Only a couple of days remain before I head back to Alaska for the summer. It is with mixed feelings that I clean the motor home, pack up electronics to leave here or take home, spray 303 protectorant on my tires and all the rubber gaskets in windows and doors, clean the solar panels for the last time, defrost the freezer and clean the fridge, sit beside my last campfire, and try to sort paperwork for storage, disposal, or travel. I have arranged for RV and car storage which will be outside this time and not under cover. I have doubts about this, but since my damage fears last year were misplaced, I want to find out if uncovered will work as well as paying extra to have a roof over everything.

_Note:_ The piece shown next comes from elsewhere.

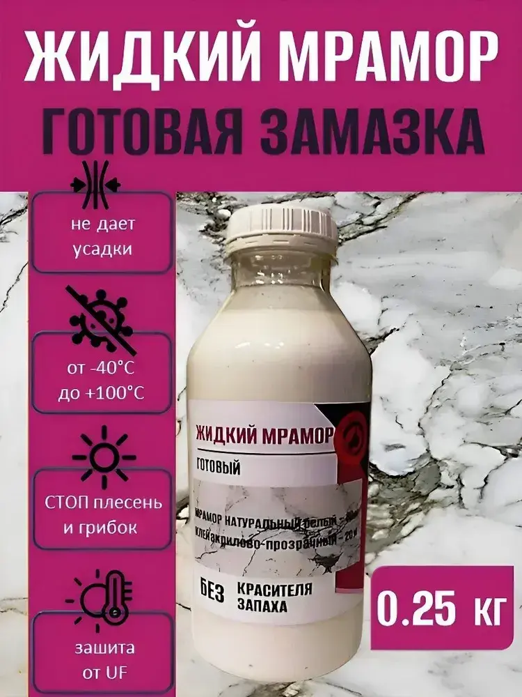 Замазка эпоксидно-акриловая мраморная MARBLE DUST, для окон, заделки выбоин и трещин, белая 0.25 кг

I love traveling and this lifestyle suits me perfectly, at least for now. I am extremely reluctant to dive into all the sorting of possessions that I will face in the Alaskan home I’ve had for over 30 years. I should have sold it 20 years ago when I first realized I should, instead of being influenced by my grown children who had moved far away but wanted me to keep it, and of course by my own attachment to this beautiful house that I designed and had built so long ago. Now it needs expensive repairs before being sold, work that I can’t afford. I’m embarrassed to confess it makes me feel weak and even stupid that I am so late to downsize and simplify my life. With few exceptions I am not really attached to possessions and think the easiest solution will be to invite people inside to make offers on anything they want to carry away. And finally sell the whole place.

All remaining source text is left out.